[Infowarrior] - WH Surveillance panel seeks public input

Richard Forno rforno at infowarrior.org
Thu Sep 5 13:58:27 CDT 2013


Surveillance panel seeks public input
By JOSH GERSTEIN |
9/5/13 8:23 AM EDT

http://www.politico.com/blogs/under-the-radar/2013/09/surveillance-panel-seeks-public-input-171854.html?hp=r8

A new board that President Barack Obama set up to investigate the balance between privacy and security in the era of "big data" is asking the public to weigh in with its thoughts on how those goals can better be achieved.

The call for public input issued late Wednesday is vague in its scope, just like the mandate for the newly-created "Review Group on Global Signals Intelligence Collection and Communications Technologies."

"The Review Group is seeking public comments on all matters that the President has directed it to examine, namely, how in light of advancements in communications technologies, the United States can employ its technical collection capabilities in a manner that optimally protects our national security and advances our foreign policy while respecting our commitment to privacy and civil liberties, recognizing our need to maintain the public trust, and reducing the risk of unauthorized disclosure," said a statement posted on Tumblr.

The announcement warns that comments submitted may be released publicly.

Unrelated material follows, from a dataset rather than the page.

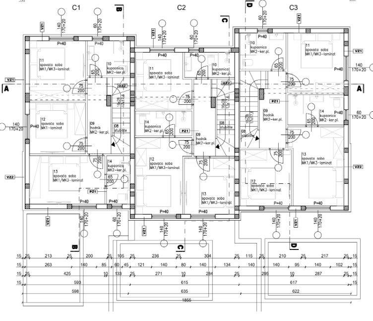 Na prvom katu su hodnik i tri spavaće sobe, uključujući glavnu spavaću sobu s privatnom kupaonicom, te jedna zajednička kupaonica (obe kupaonice imaju podno grijanje).

However, the statement does not commit to do so. The submission mechanism does not indicate what past or present members of the Intelligence Community with access to classified information should do if their suggestions involve classified programs.

Obama announced his plans for the review panel on August 9 as part of a group of proposed reforms aimed at quieting the flap over National Security Agency surveillance. He officially named and met with the five-member group last week. It includes lawyers and former national security officials but no one with significant expertise in new data processing technologies.

The group was organized under the auspices of the Director of National Intelligence James Clapper. That designation gives it an exemption from a law that normally requires advisory panels to meet publicly, the Federal Advisory Committee Act.